*WORK INSTRUCTION:*
Copy each line below word for word and drop every image.

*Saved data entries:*
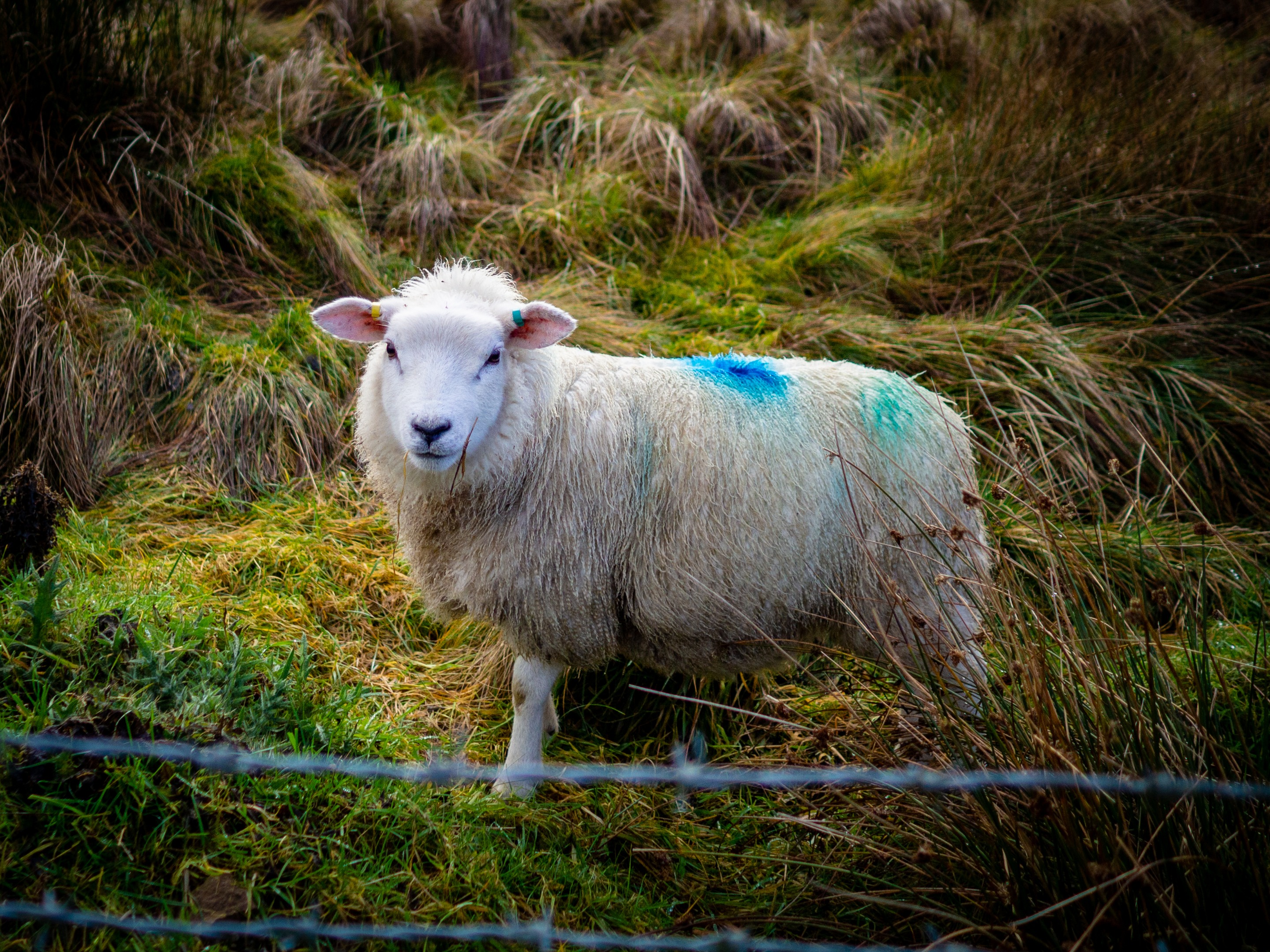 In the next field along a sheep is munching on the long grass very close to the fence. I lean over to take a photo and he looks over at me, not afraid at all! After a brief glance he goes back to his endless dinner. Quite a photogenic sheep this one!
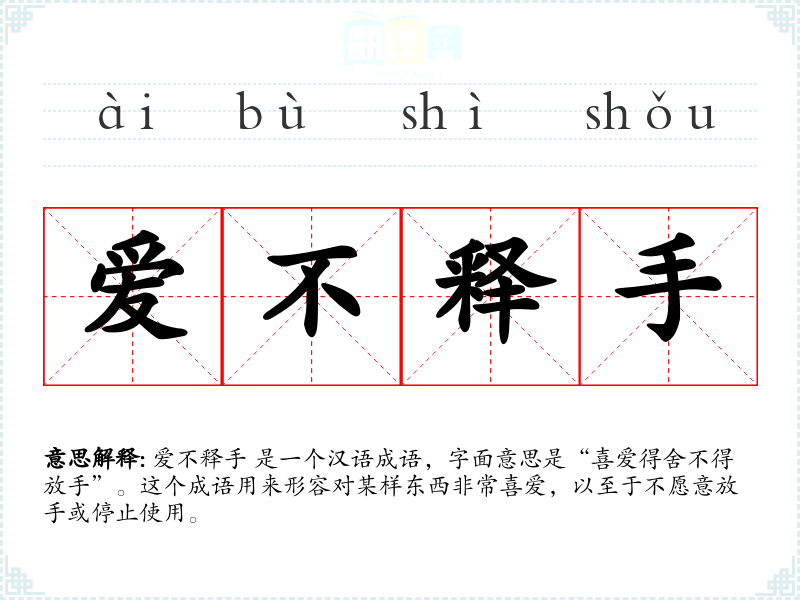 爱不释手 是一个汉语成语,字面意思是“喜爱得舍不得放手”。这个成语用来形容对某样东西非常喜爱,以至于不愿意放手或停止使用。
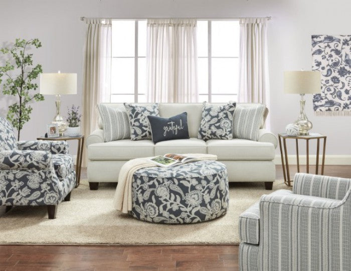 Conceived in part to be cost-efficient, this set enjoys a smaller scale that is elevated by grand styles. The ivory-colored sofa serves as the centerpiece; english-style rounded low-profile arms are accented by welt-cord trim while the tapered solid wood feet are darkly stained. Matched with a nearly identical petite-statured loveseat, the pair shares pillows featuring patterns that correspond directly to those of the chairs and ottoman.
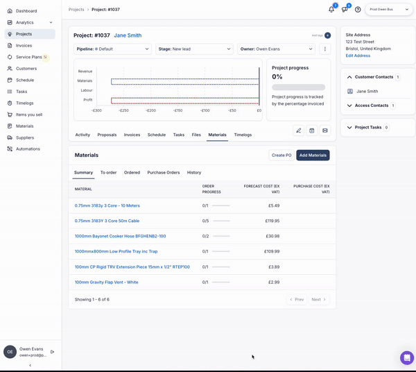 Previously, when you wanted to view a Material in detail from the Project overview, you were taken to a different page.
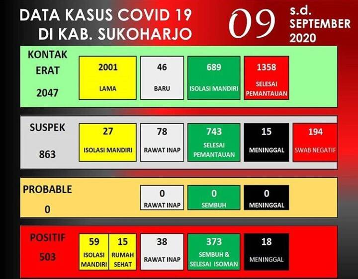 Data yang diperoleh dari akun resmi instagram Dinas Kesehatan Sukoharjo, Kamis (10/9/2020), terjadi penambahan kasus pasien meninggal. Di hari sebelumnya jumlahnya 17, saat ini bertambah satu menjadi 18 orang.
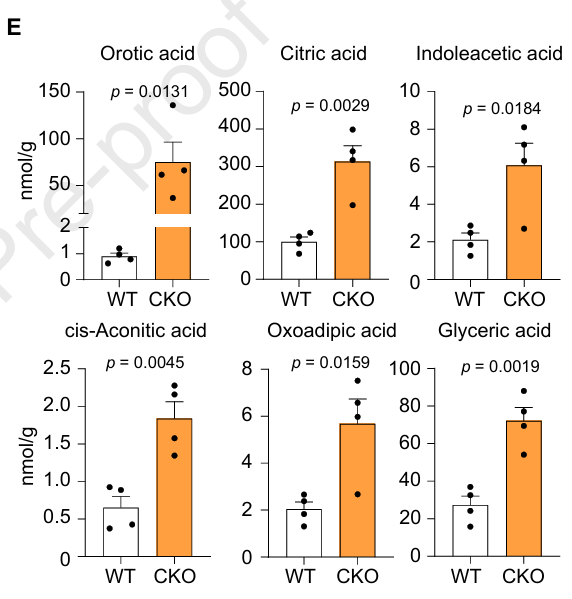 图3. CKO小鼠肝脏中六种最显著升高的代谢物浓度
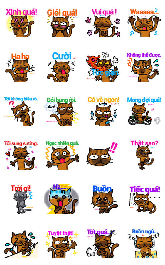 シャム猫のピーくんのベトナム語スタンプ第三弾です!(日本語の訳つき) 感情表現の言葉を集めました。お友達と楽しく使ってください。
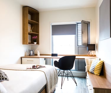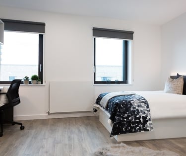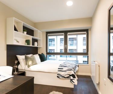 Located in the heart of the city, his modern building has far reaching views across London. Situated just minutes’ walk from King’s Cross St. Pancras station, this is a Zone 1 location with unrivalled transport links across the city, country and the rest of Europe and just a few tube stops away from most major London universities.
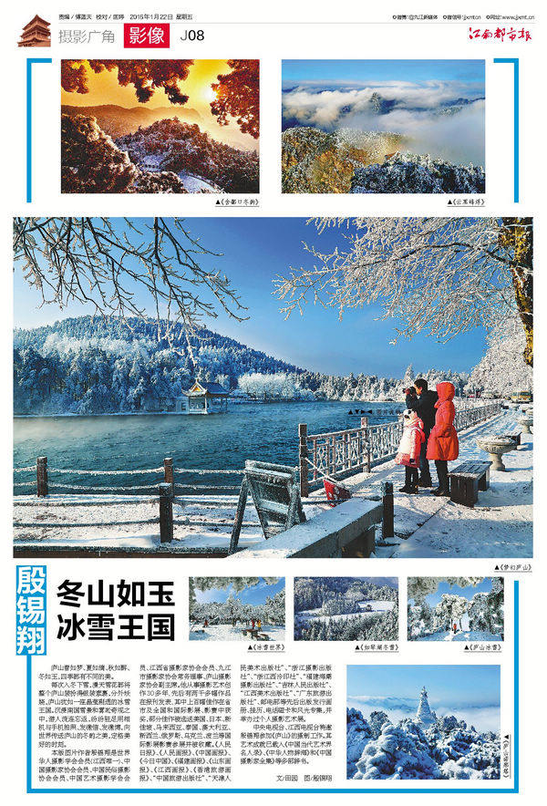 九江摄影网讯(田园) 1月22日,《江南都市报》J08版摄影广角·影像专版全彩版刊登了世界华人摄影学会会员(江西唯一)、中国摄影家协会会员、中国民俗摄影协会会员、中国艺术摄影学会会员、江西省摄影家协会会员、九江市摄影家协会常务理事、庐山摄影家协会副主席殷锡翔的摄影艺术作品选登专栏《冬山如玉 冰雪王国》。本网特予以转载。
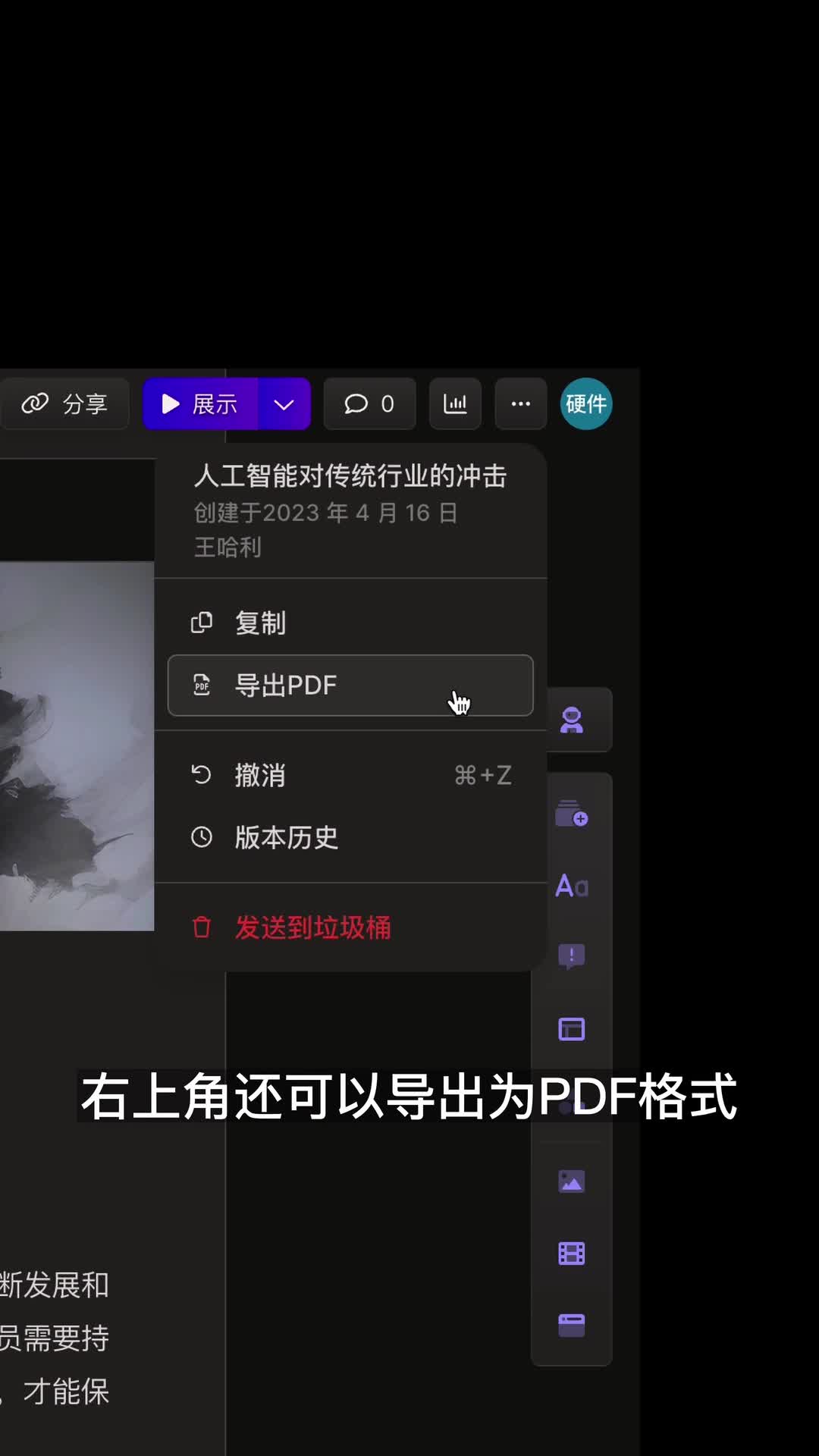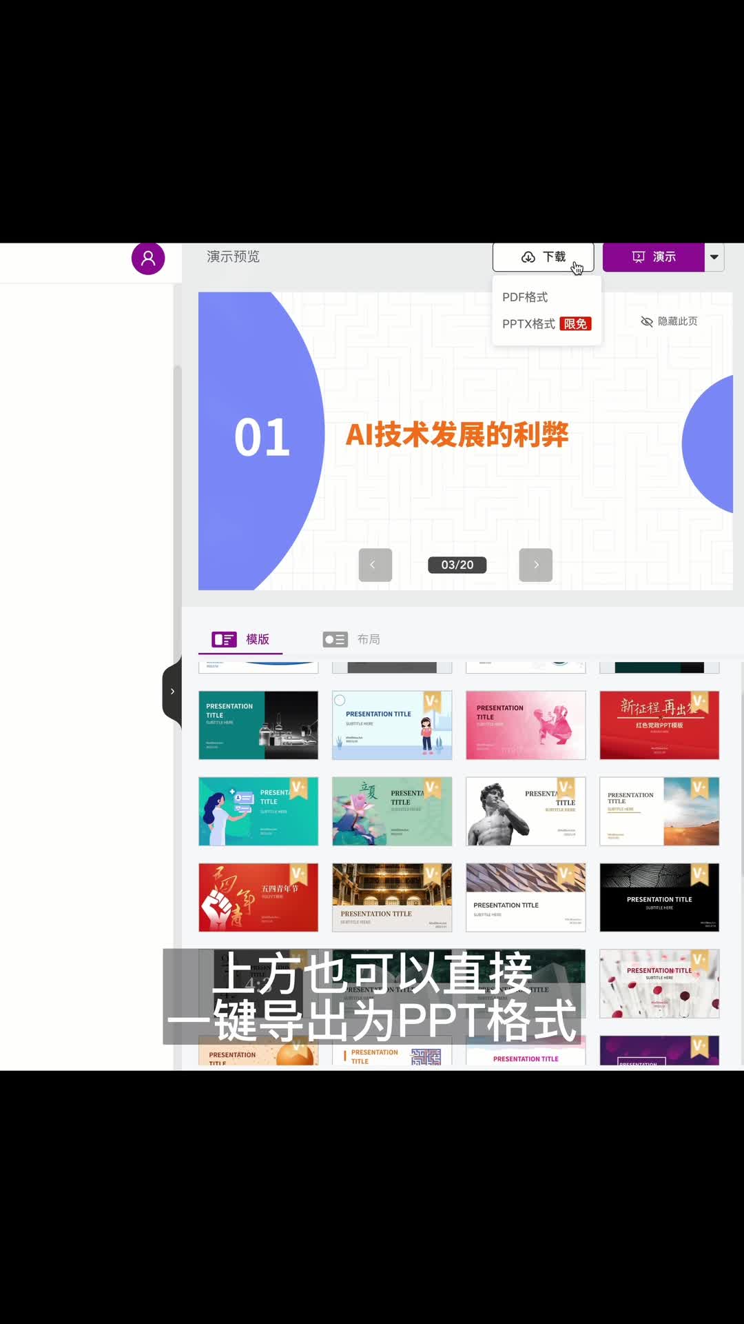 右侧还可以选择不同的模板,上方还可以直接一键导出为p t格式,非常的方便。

*OUTPUT OF THE TASK:*
 In the next field along a sheep is munching on the long grass very close to the fence. I lean over to take a photo and he looks over at me, not afraid at all! After a brief glance he goes back to his endless dinner. Quite a photogenic sheep this one!
 爱不释手 是一个汉语成语,字面意思是“喜爱得舍不得放手”。这个成语用来形容对某样东西非常喜爱,以至于不愿意放手或停止使用。
 Conceived in part to be cost-efficient, this set enjoys a smaller scale that is elevated by grand styles. The ivory-colored sofa serves as the centerpiece; english-style rounded low-profile arms are accented by welt-cord trim while the tapered solid wood feet are darkly stained. Matched with a nearly identical petite-statured loveseat, the pair shares pillows featuring patterns that correspond directly to those of the chairs and ottoman.
 Previously, when you wanted to view a Material in detail from the Project overview, you were taken to a different page.
 Data yang diperoleh dari akun resmi instagram Dinas Kesehatan Sukoharjo, Kamis (10/9/2020), terjadi penambahan kasus pasien meninggal. Di hari sebelumnya jumlahnya 17, saat ini bertambah satu menjadi 18 orang.
 图3. CKO小鼠肝脏中六种最显著升高的代谢物浓度
 シャム猫のピーくんのベトナム語スタンプ第三弾です!(日本語の訳つき) 感情表現の言葉を集めました。お友達と楽しく使ってください。
 Located in the heart of the city, his modern building has far reaching views across London. Situated just minutes’ walk from King’s Cross St. Pancras station, this is a Zone 1 location with unrivalled transport links across the city, country and the rest of Europe and just a few tube stops away from most major London universities.
 九江摄影网讯(田园) 1月22日,《江南都市报》J08版摄影广角·影像专版全彩版刊登了世界华人摄影学会会员(江西唯一)、中国摄影家协会会员、中国民俗摄影协会会员、中国艺术摄影学会会员、江西省摄影家协会会员、九江市摄影家协会常务理事、庐山摄影家协会副主席殷锡翔的摄影艺术作品选登专栏《冬山如玉 冰雪王国》。本网特予以转载。
 右侧还可以选择不同的模板,上方还可以直接一键导出为p t格式,非常的方便。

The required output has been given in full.